小上がりの和室

住宅にもバリアフリーが求められる現在、小上がりの和室は時代に背いた部屋のような気がする人もいるかもしれません。和室をどこに設けるかで悩む人も多いです。最近の人気の間取りは、リビング内やリビングの延長上に和室を設けることです。洋風のリビングと和風の畳の空間が違和感なく存在するには、高低差をつけてゾーニングする方法は有効的です。

和室を小上がりにすることで洋風のリビングと緩やかに空間を区切ることができます。またこの段差の高さが一つのポイントです。つまづきやすいほんの少しの段差ならつけない方がいいのです。高さを設けるのであればしっかりと設けましょう。そうすることで便利な腰掛スペースとして利用できるのです。足腰の弱ってきた高齢者は床や畳に座り込むのを嫌がります。なぜなら一度座ってしまえば、立ち上がる時に大きな動力を必要とするからです。立ったり座ったりがスムーズにできなくなった高齢者にとって、小上がりの和室は過ごしやすい和の空間でもあるのです。ここに腰を掛けて、そのままゴロンと体を倒して休むこともできます。それでも立ち上がりやすいため体に負担がかかりにくいのです。
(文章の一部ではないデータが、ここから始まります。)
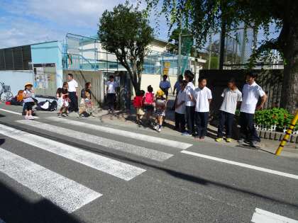 あいさつ運動4日目です。今日は、弦巻小学校でもあいさつ運動を行っています。弦巻小学校出身の生徒たちがあいさつ運動に来ているので、小学生も気軽に声をかけてきたり、大きな声であいさつを返してくれたりします。来週は三軒茶屋小学校にいきます。(遠藤)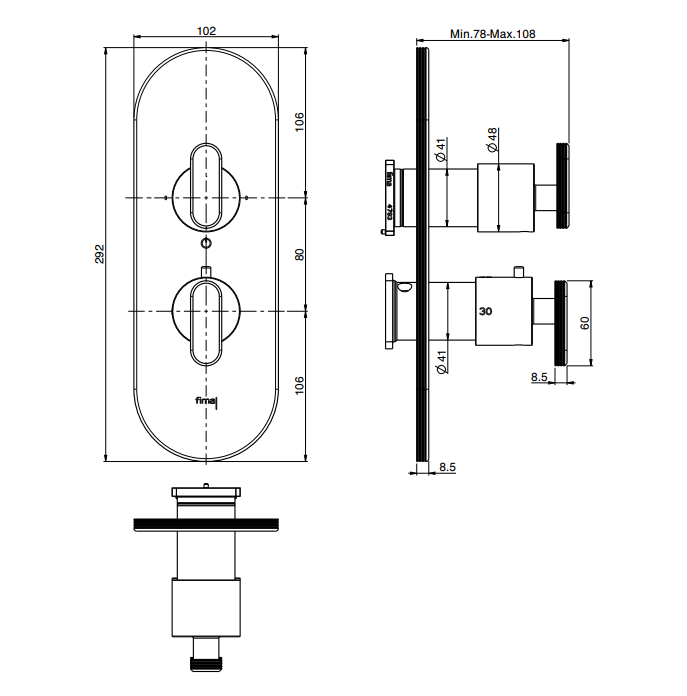 Смеситель для душа, Fima Carlo Frattini, Park Lane, на 2/3 потребителя, тип открывания воды-вентильный, тип регулирования воды-термостатический картридж, монтаж-настенный встраиваемый, отверстия для монтажа-2, внутренняя часть-необходимо заказать, цвет-бронза брашированная янтарная Смеситель для душа, Fima Carlo Frattini, Park Lane, на 2/3 потребителя, цвет-бронза брашированная янтарная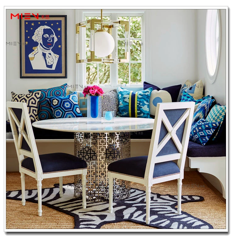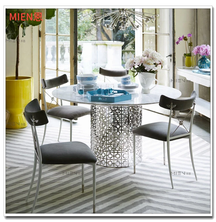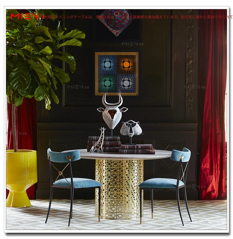 高級感溢れるアメリカンスタイルの別荘用ダイニングテーブルセット!大理石の長方形テーブルは10人掛け、洗練されたデザインでおしゃれな食事空間を演出。ビジネスミーティングにも最適な洽談テーブル!
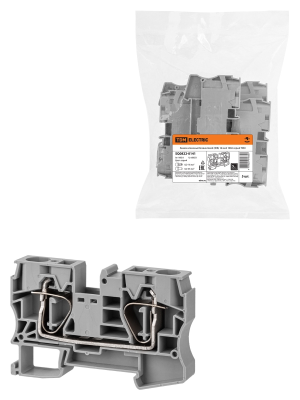 Зажим клеммный безвинтовой (ЗКБ) 16мм2 100А серый TDM | код SQ0822-0141 | TDM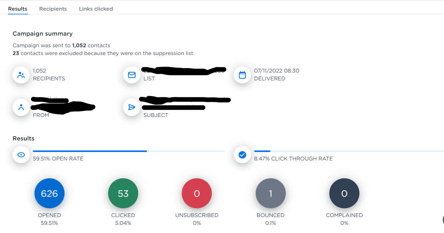 - Campaign Summary: Will give you a written summary to how many contacts the campaign was sent. And how many of these contacts were excluded based on blacklisting. People will be excluded based on blacklisting if they are on the suppression list.
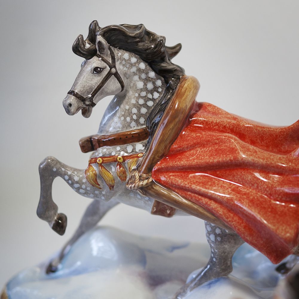 Изделие выполнено в технике майолика, материалы: красная глина, белая глазурь, высокотемпературный обжиг, ручная художественная роспись.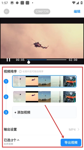 在合并设置页面,你可以调整视频的排序顺序,确认设置无误后点击【导出视频】按钮,此时会弹出导出方式的选择窗口,接下来就可以准备开始合并视频了。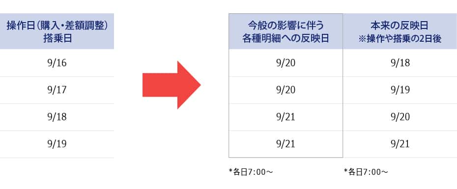 9/18、19購入や差額調整、搭乗のデータは9/21 07:00に反映されます。

また畳下に生まれるデッドスペースを利用して収納スペースを設けるのです。子どものおもちゃを収納するスペースとして、和室で利用する座布団を収納するスペースとして様々な物を収納できる便利なスペースとして活躍してくれるのです。LDKとの一体感を感じながらも、緩やかにゾーニングでき、小さい子どもから高齢者まで過ごしやすい和室になるのです。